Claude Code wiped our production database with a Terraform command

Original Article ↗ Hacker News Discussion ↗

Responsibility for the outage

  • Most commenters say the human operator is fully responsible: they ran destructive commands, ignored warnings, had poor or no backups, and let an unsupervised tool access prod.
  • Several note this could have happened without AI; blaming the agent is compared to “blaming the intern” or “the dog ate my homework.”
  • Some emphasize that the post itself is framed as a “here’s what I did wrong and fixed” lesson, not an anti-AI rant, and criticize others for culture-war reactions.

Backups and recovery

  • Strong consensus: the real root cause is inadequate backups and poor recovery planning.
  • Recommendations: off-account / separate-account, append-only backups; deletion protection on critical resources; RPO/RTO planning; avoid backups being in the same blast radius as prod.
  • Some note that provider-level backups can sometimes save you, but should not be relied upon.

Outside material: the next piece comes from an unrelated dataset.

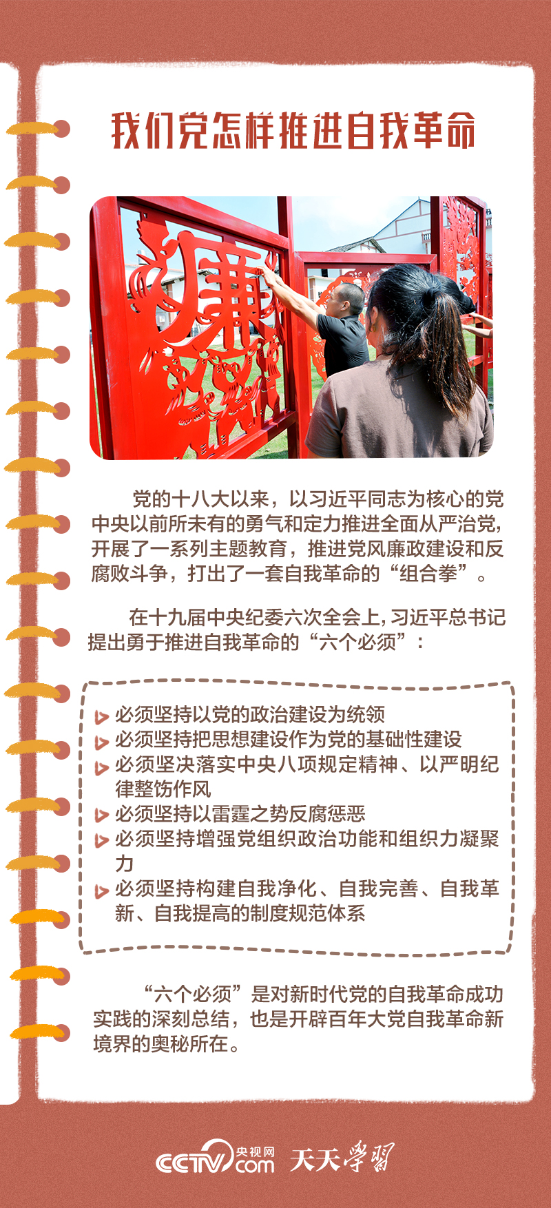 勇于自我革命是我們黨最鮮明的品格和最大的優(yōu)勢,總書記多次對推進黨的自我革命作出重要部署。此次會議上,總書記深刻闡述了黨的自我革命的重要思想,明確提出需要把握好九個問題,并對持續(xù)發(fā)力、縱深推進反腐敗斗爭作出戰(zhàn)略部署。央視網(wǎng)《天天學(xué)習(xí)》與您一起學(xué)習(xí)。
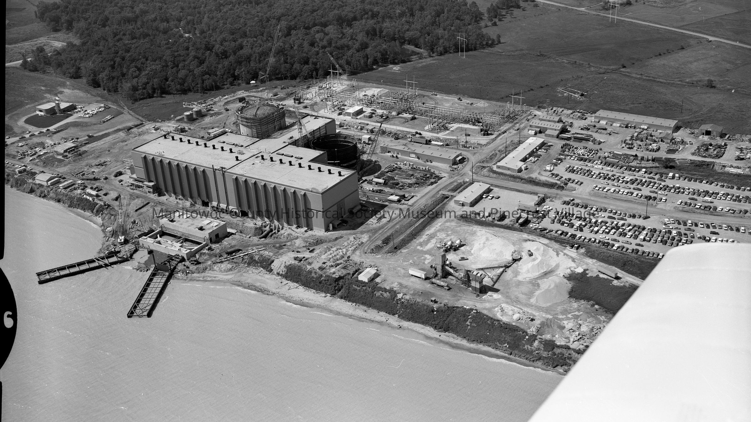 Aerial of Point Beach Nuclear Power Plant in the township of Two Creeks being built. Photograph taken in July 1969.Made/Created

Terraform and infra practices

  • Many argue Terraform is powerful but a “footgun” when misused.
  • Best practices discussed:
    • Always inspect terraform plan before apply; never let agents (or CI) run apply unsupervised on prod.
    • Avoid terraform destroy on production; forward-evolve infra instead.
    • Use remote state (e.g., S3) and never local state files for prod.
    • Keep snapshots/DB backups defined and managed independently of primary infra state.

AI agents in production

  • Split views:
    • Some say AI agents will inevitably manage prod, potentially faster and better than humans, so guardrails must mature.
    • Others insist AI (and even most devs) should not have direct destructive prod access; only tightly controlled pipelines should.
  • It’s noted that the agent reportedly tried to warn about risks, and the user overrode it; still, critics say a “senior engineer–level” tool should push back harder or refuse.

Security, governance, and culture

  • Recurrent themes: principle of least privilege, no local direct access to prod, and human approval for destructive actions.
  • Several see this as an example of “vibecoding” / “vibeadministration” and influencer-style clout chasing, rather than professional engineering discipline.